Visualization and quantification of cell monolayer integrity and single cell activity using metal clad waveguide imaging based on a high numerical aperture microscope objective

Abstract

Surface plasmon resonance (SPR) was recently demonstrated by our group and others as a valuable label-free approach for real-time monitoring of changes in cell activity induced by hormones, pharmacological agents, and toxins. For a cell-based biosensing application, cells are cultured on a substrate acting as the sensing layer.

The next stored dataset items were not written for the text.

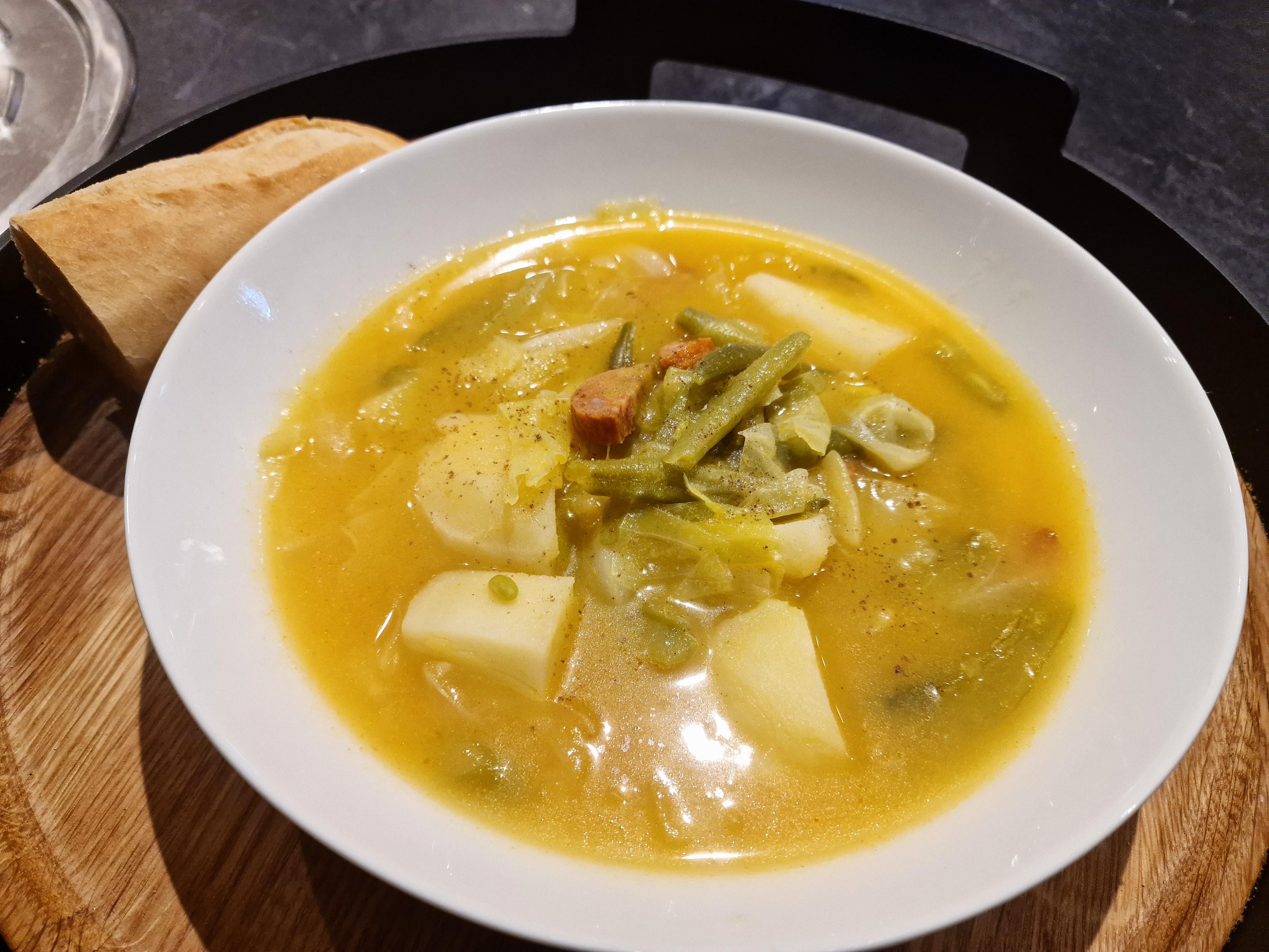 Probably not to everyone's liking but this is recipe from some Spanish relatives. Soup base of carrot, onion, celery, leek, garlic, chicken stock, paprika and chilli. Blended up, then add in cooked chorizo, peeled potatoes, chopped cabbage and sliced green beans. Great with bread on a cold night with a glass of red.
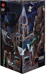 Élvezze a hosszú órákon át tartó szórakozást a karikaturista Loup stílusos kirakójával. Ez a nagy kirakó kísértetkastély motívummal 2000 darab-ból áll, szokatlan, háromszög alakú dobozban érkezik, és posztert is tartalmaz mintának. Az összeállított kép mérete megközelítőleg 68 × 96 cm.
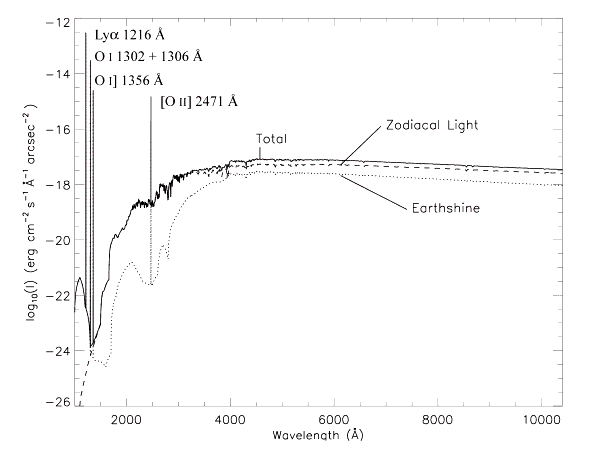 Figure 6.1: High Sky Background Intensity as a Function of Wavelength. The zodiacal contribution corresponds to mv = 22.7 arcsec-2. The Earthshine is for a target which is 38 degrees from the limb of the sunlit Earth. The upper limit to the [OII] 2471 Å intensity is shown. Use Figure 6.2 to estimate background contributions at other angles. The geocoronal airglow line intensities are in erg cm-2 s-1 arcsec-2..
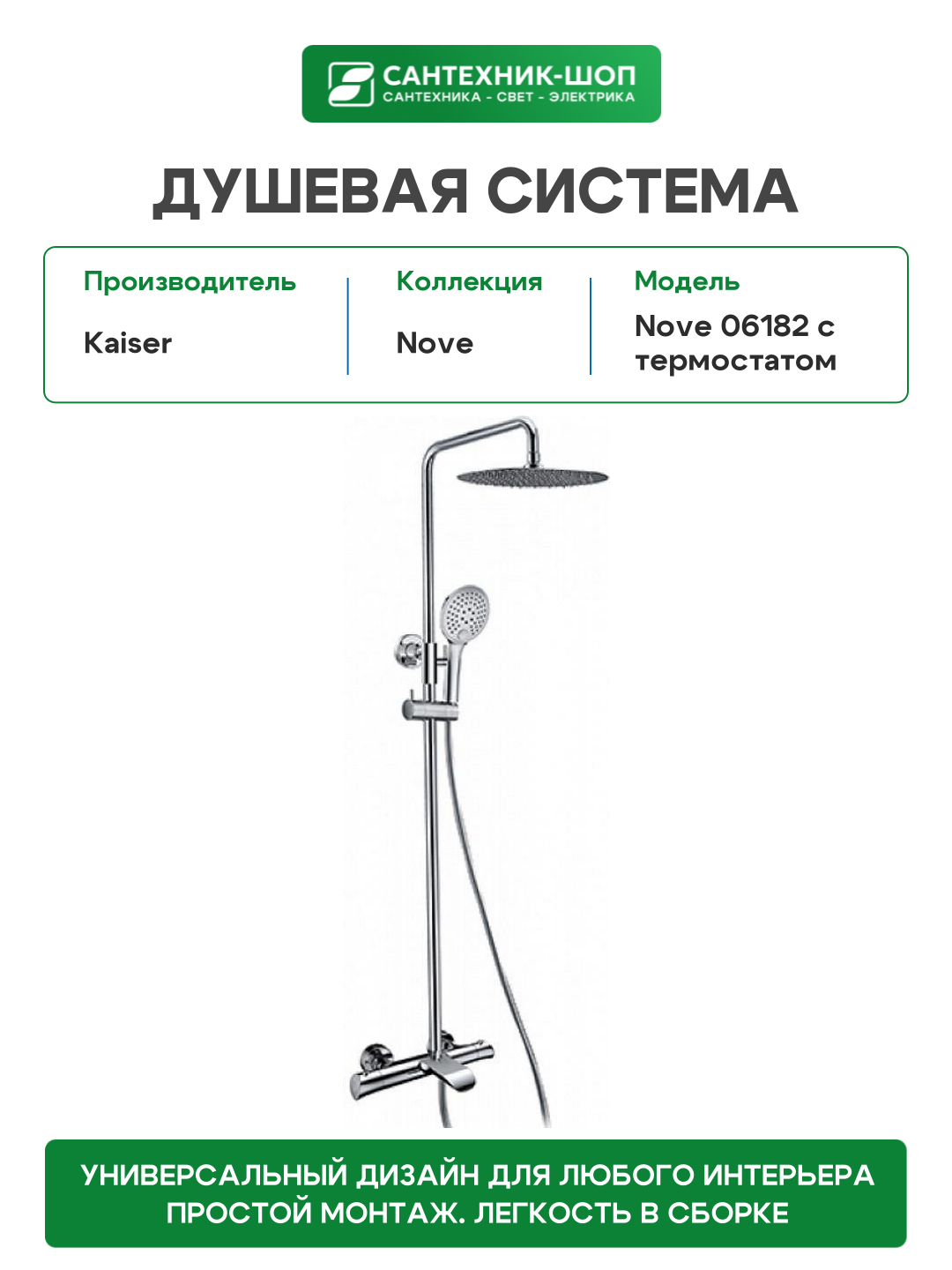 Купить Душевая система Kaiser Nove 06182 с термостатом Хром латунь на стену с доставкой по всей России.
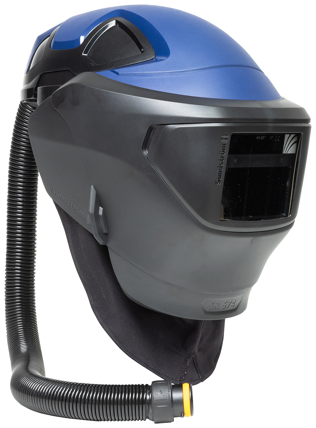 Näokate koos keevitusvisiiriga, akutoitel puhurseade SR 500 või SR 700 ja heakskiidetud filtrid kuuluvad Sundströmi puhurseadmepõhisesse hingamisteede kaitsevahendite süsteemi. Näokatte hingamisvoolik tuleb ühendada filtriga varustatud puhuri külge. Näokattes tekkiv ülerõhk takistab osakeste ja muude saasteainete sattumist hingamistsooni. Tooteid saab kasutada ka koos suruõhuseadmega SR 507. See kombinatsioon moodustab pideva õhuvooluga hingamisseadme suruõhuallikaga ühendamiseks. Vt eraldi tootelehte SR 507. Kombinatsioonid kaitsevad kahjulike gaaside/osakeste, kiirguse ja pritsmete eest keevitamise, gaaslõikamise, lihvimise ja sarnaste tööde korral. Asjakohane kujundus võimaldab tooteid kasutada töötamisel kitsastes ja raskesti ligipääsetavates kohtades. Tooteid saab kasutada filtreeriva kaitsevahendi alternatiivina igas olukorras, kus filtreeriva kaitsevahendi kasutamine on soovitatav. Selliste olukordade hulka kuuluvad esmajoones rasked, kuumas keskkonnas teostatavad või pikaajalise kestusega tööd. Enne kasutamist tuleb keevitusvisiirile paigaldada sobiva tumedusastmega keevitusklaas. Mudeli SR 574 tarnevarustuses on automaatne keevitusklaas EN 4/9-13 ja polükarbonaadist kaitseklaas. Klaas peab olema CE-märgisega ja standardses suuruses 90 x 110 mm. Tarvikuna on saadaval keevitusklaasid, automaatsed keevitusklaasid, korrigeerivad klaasid, kaela- ja rinnakaitsmed ning voolikukaitsmed. Säilivusaeg (aastates) 5 Päritoluriik Rootsi Kasutustemperatuur –10 – +55 °C, 90% õhuniiskus (RH) Hoiutemperatuur –20 – +40 °C, 90% õhuniiskus (RH) Määratud kaitsefaktor 200 (TH3) Nominaalne kaitsefaktor 500 (TH3) Tumedusaste Auto EN 4/9-13 Direktiiv nr 1 (EL) 2016/425 IKV
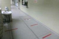 また、本校でも、コロナウイルス対策として、各教室の入り口や廊下など、至る所にアルコール消毒液を置いたり、床に印をつけて、ソーシャル ディスタンスを意識できるようにしました。

Receptors present at the cell's surface recognize biomolecules in the media surrounding the cell, triggering distinct intracellular events such as cell contraction and detachment. Such changes results in refractive index changes on the surface, detectable by SPR. Like most label-free cell-based biosensing approaches, the SPR signal arises from a complex cascade of molecular events within the cell. Additional complexity originates from a heterogeneous cell response within the population. In this context, delineating the cellular events contributing to the measured SPR signal can be challenging. To address this problem, we used metal clad waveguide (MCWG) imaging as an alternative to SPR. MCWGs allow for a higher sensitivity and deeper evanescent field penetration depth compared to conventional SPR. Furthermore, our setup is based on a high numerical aperture microscope objective allowing us to discriminate individual cell activity within the evanescent field at a high spatial resolution. We evaluated the performance of our imaging system by detecting individual cell-cell responses within a cell monolayer exposed to endotoxins. Our findings indicate that the sensor signal during toxin exposure originates from the appearance of intracellular gaps. Further, we followed the activation of a G-protein coupled receptor (GPCR) and show that during a GPCR mediated contraction, the sensor signal represents a cell mass redistribution towards the cell center.